Hello folks. Trying to get a Prefect Cloud Flow ru...
# prefect-community
j
Hello folks. Trying to get a Prefect Cloud Flow running in GKE. Just got this error in StackDriver Logs after registering the flow, and manually triggering it from Cloud UI:
Copy code
Traceback (most recent call last):
  File "/usr/local/lib/python3.7/site-packages/prefect/engine/runner.py", line 48, in inner
    new_state = method(self, state, *args, **kwargs)
  File "/usr/local/lib/python3.7/site-packages/prefect/engine/task_runner.py", line 986, in get_task_run_state
    result = self.result.write(value, filename="output", **prefect.context)
  File "/usr/local/lib/python3.7/site-packages/prefect/engine/results/gcs_result.py", line 73, in write
    self.gcs_bucket.blob(new.location).upload_from_string(binary_data)
  File "/usr/local/lib/python3.7/site-packages/prefect/engine/results/gcs_result.py", line 35, in gcs_bucket
    from prefect.utilities.gcp import get_storage_client
  File "/usr/local/lib/python3.7/site-packages/prefect/utilities/gcp.py", line 6, in <module>
    from google.cloud import bigquery, storage
ImportError: cannot import name 'bigquery' from 'google.cloud' (unknown location)

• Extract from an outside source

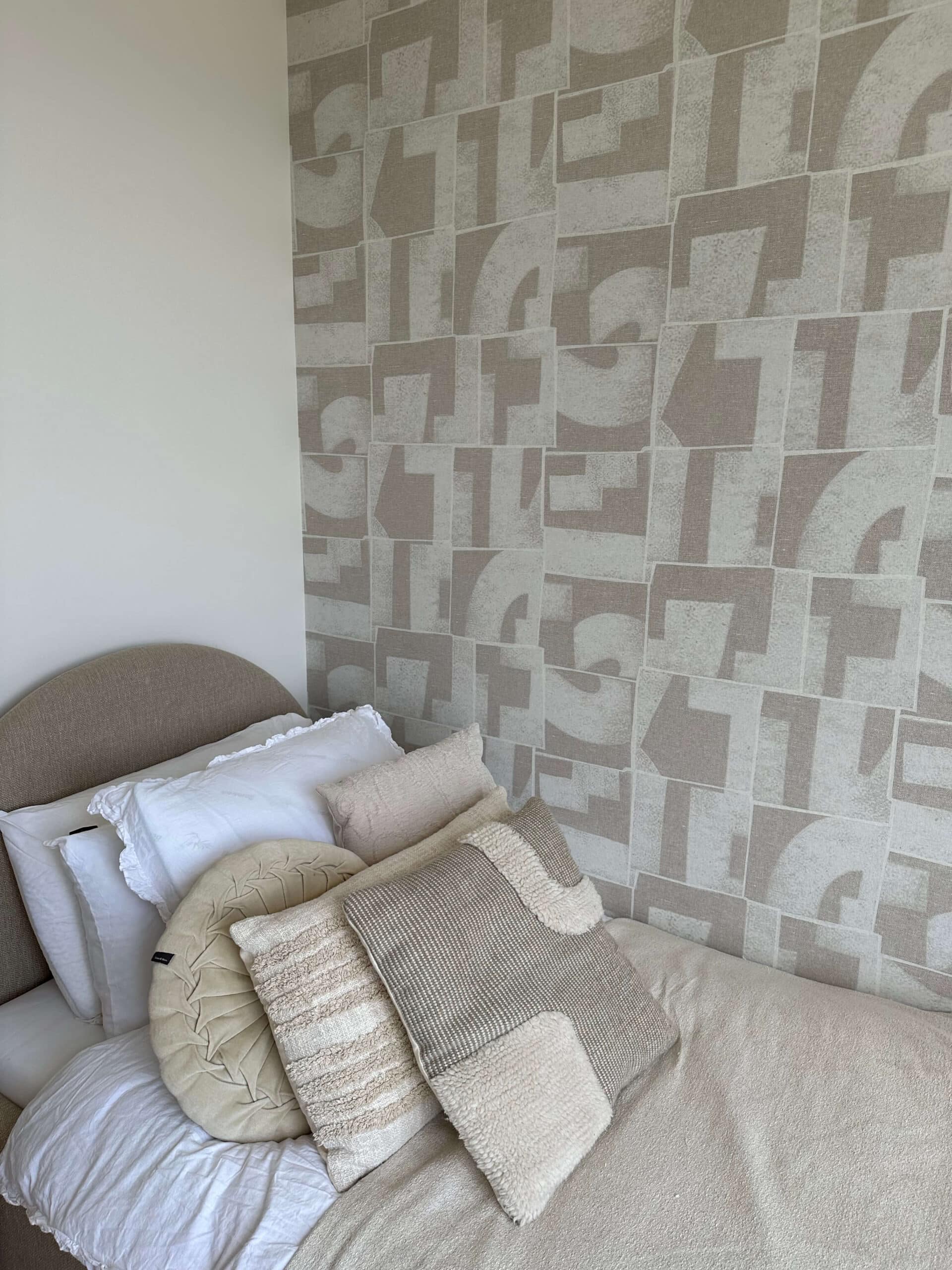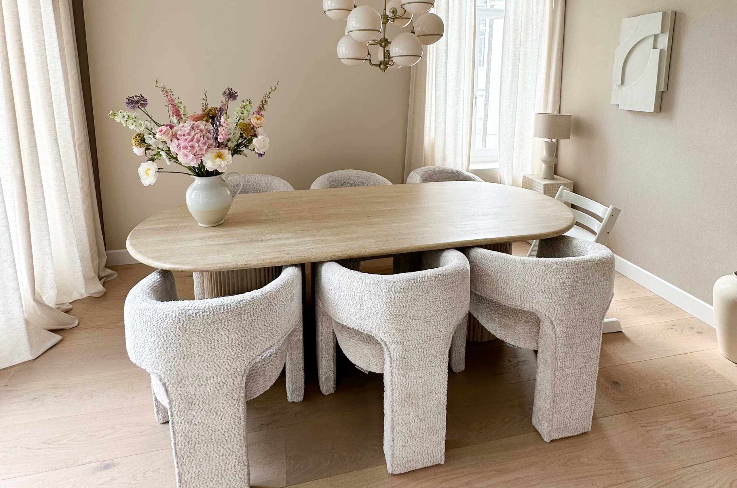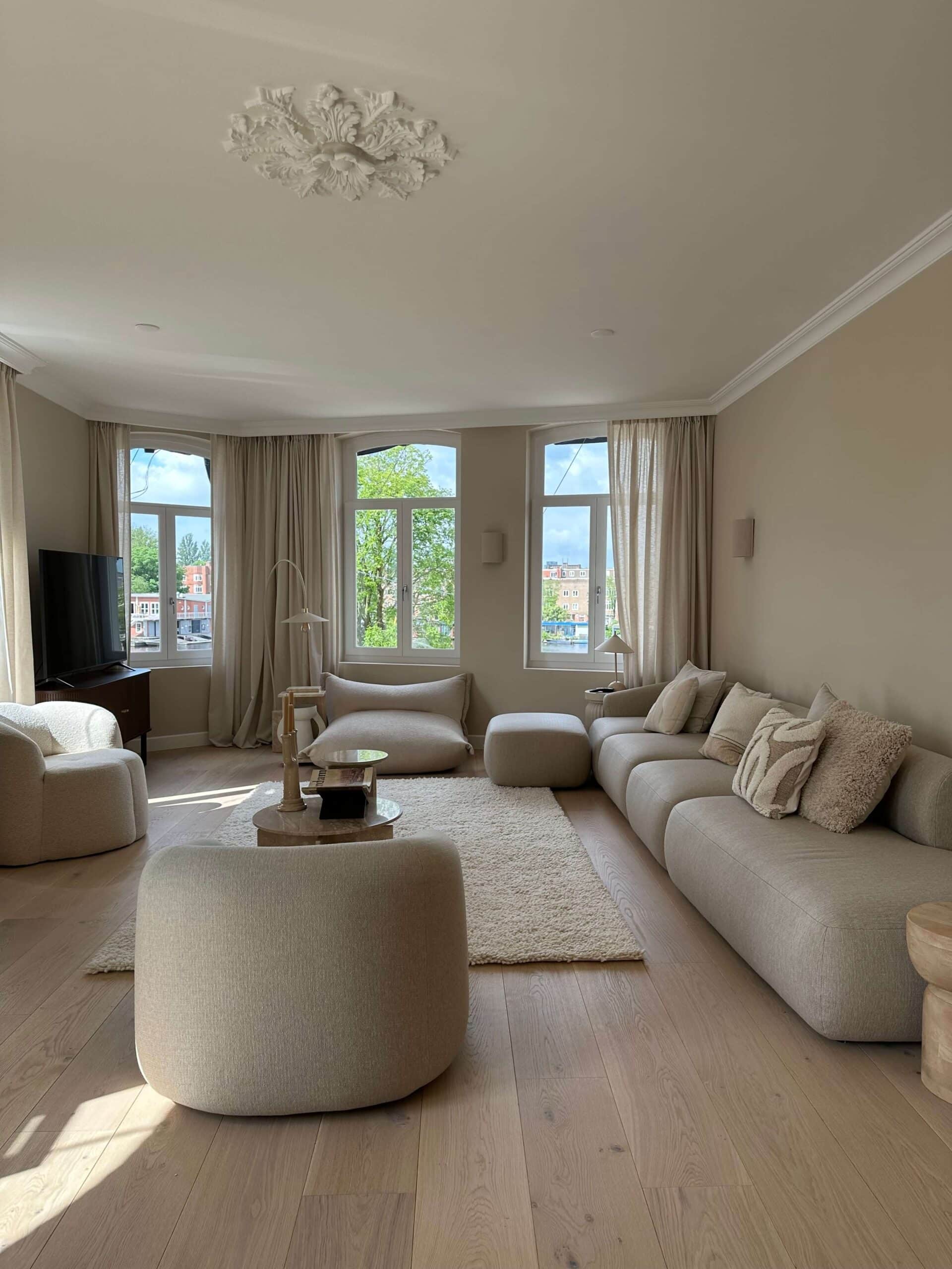 De woning van Kae mogen inrichten is een droom die uitkomt. Wanneer je aan Kae Sutherland denkt, denk je aan een beige walhalla! Maar ondanks dat we hebben gekozen voor een neutrale Japandi stijl, zijn we gaan werken met verschillende beige- en bruintinten, om het interieur wel een warme uitstraling mee te geven. Met de kleuren Latte voor de muren en Perfect White, beide van Zoffany, voor het houtwerk, creëerden we een ideale basis. De vloer, die rustiek wit geolied is, matcht er perfect bij. Het prachtige Flamant behang met een rustige linnenstructuur van Arte en de 100% linnen gordijnen vormen in combinatie met sierlijsten en prachtige klassieke ornamenten een chic, modern en sfeervol geheel.

It seems the process cannot find a prefect core bigquery module inside of google.cloud. I thought perhaps it had something to do with setting
PYTHONPATH
to my own application & lib directories in my Flow's Dockerfile:
Copy code
ENV PYTHONPATH="/app:/app/lib"
And now Prefect core cannot find it's own packages? But experimenting with the alternative "extension" of
PYTHONPATH
instead of overwrite:
Copy code
ENV PYTHONPATH="/app:/app/lib:${PYTHONPATH}"
simply yields a
PYTHONPATH
with a colon on the end (
/app:/app/lib:
), so I opted not to extend, since there is no default. My suspicions about
PYTHONPATH
could very well be a red herring... Any ideas?
c
Hi jars - are you sure that you installed the appropriate google-cloud related packages into your docker image? In this case I’d recomend installing
prefect[gcp]
into your image to ensure all google related packages are available
j
@Chris White, thank you for such quick response. My Flow's Dockerfile inherits from prefecthq's image:
Copy code
FROM prefecthq/prefect:0.11.4-python3.7
Does this image have
prefect[gcp]
preinstalled?
👍 1
c
No, that image only has the base prefect package installed; if you are writing your own Dockerfile you can add the following line:
Copy code
RUN pip install google-cloud-bigquery google-cloud-storage
and you should be good to go
j
Wonderful, I will give that a shot.
c
Awesome - let me know!
j
Will chime back in.
Appreciated.
👍 1
You got it @Chris White. That fixed the problem. I got new ones now, but have ideas how to fix. This close!
c
Awesome!! Yea, getting the docker image setup correct the first time can be a little frustrating but once you get it going the first time it gets much easier to debug!
j
@Chris White, my next issue is about an unpickleable client object. (It's a FireStore Collection Reference) I have it returning from a @task at the moment, and I suspect that's the issue. I can put boilerplate Client Reference creation into each task that needs it, but is there a more Prefect suggested way to hand-around complex client objects or inject them into tasks?
c
so in general we recommend returning pickleable objects so that they can be stored and retrieved if necessary (e.g., if you need to rerun your flow from failure in the future). In this case I’d recommend extracting the data you need from firestore within this task and returning that instead. However, there are ways of turning off this requirement (but note that you won’t be able to recover the state of your flow in the future): - use a
LocalExecutor
(the default) - set
checkpoint=False
on the task that returns the firestore reference
j
Okay, just checking. Thank you. I will go with the recommended best practice. It will lead to a bit of duplication (the creation of the reference itself in each task that needs it), but small price to pay.
c
yea - we’ve considered ways to relax this but haven’t prioritized them yet; I’ll flag the team on your use case as another data point though!
j
thanks as always!
c
you got it 👍